== Data block ==

========

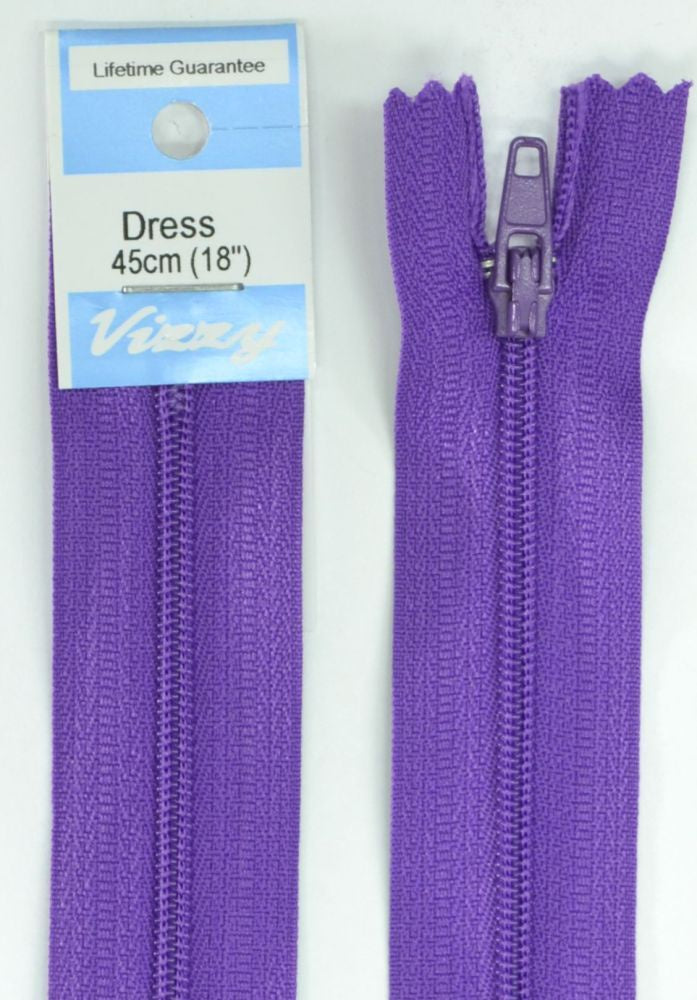 Vizzy Dress Zip, 45cm Colour 109 PURPLE, A Quality Brand Name Dress Zipper
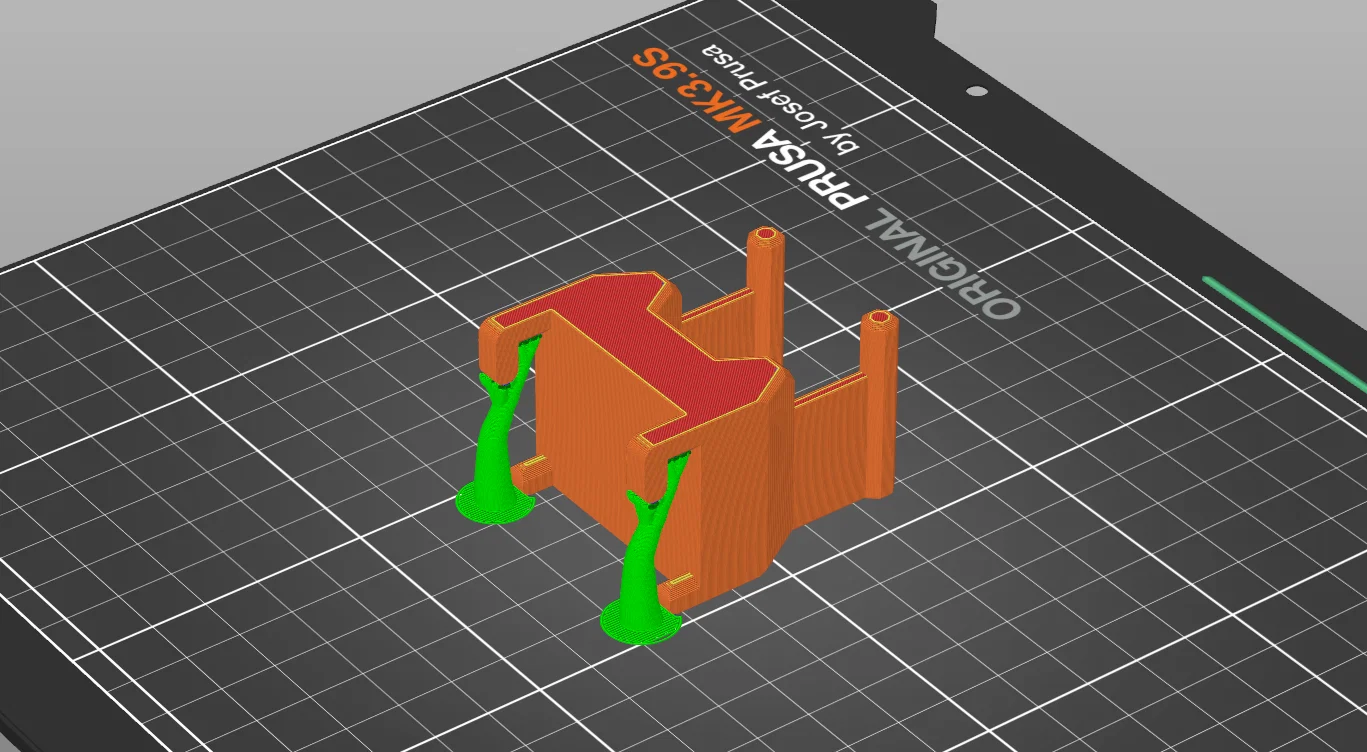 Vì các móc treo giờ đã được đặt theo chiều dọc, bạn sẽ cần dùng thêm support (hỗ trợ) cho các móc ở phía trên. Sử dụng Organic supports (hỗ trợ dạng hữu cơ) sẽ cho kết quả rất tốt với mẫu này.
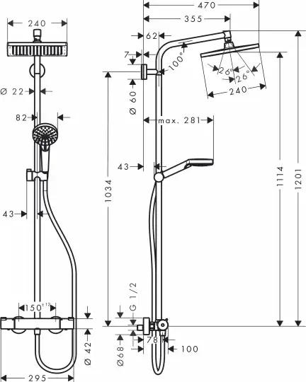 Hansgrohe Crometta E Душевая стойка: термостат, верхний душ 24x24 см, ручной душ, цвет: хром 27271000
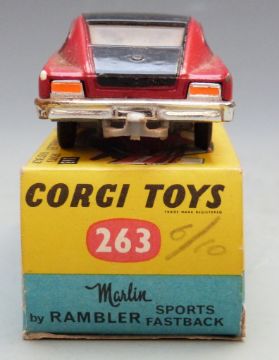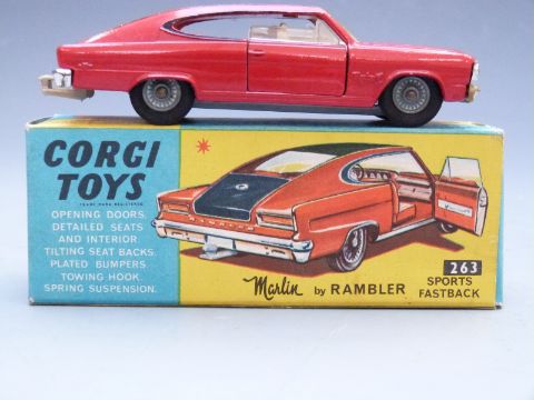 Corgi Toys diecast model Marlin Rambler Sports Fastback with red body, black roof and cream interior 263, in original box.

========

== Activity ==
Put down exactly the lines of the data above that run from its first line through the line bearing "Hansgrohe Crometta E", and no pictures.

== Task answer ==
 Vizzy Dress Zip, 45cm Colour 109 PURPLE, A Quality Brand Name Dress Zipper
 Vì các móc treo giờ đã được đặt theo chiều dọc, bạn sẽ cần dùng thêm support (hỗ trợ) cho các móc ở phía trên. Sử dụng Organic supports (hỗ trợ dạng hữu cơ) sẽ cho kết quả rất tốt với mẫu này.
 Hansgrohe Crometta E Душевая стойка: термостат, верхний душ 24x24 см, ручной душ, цвет: хром 27271000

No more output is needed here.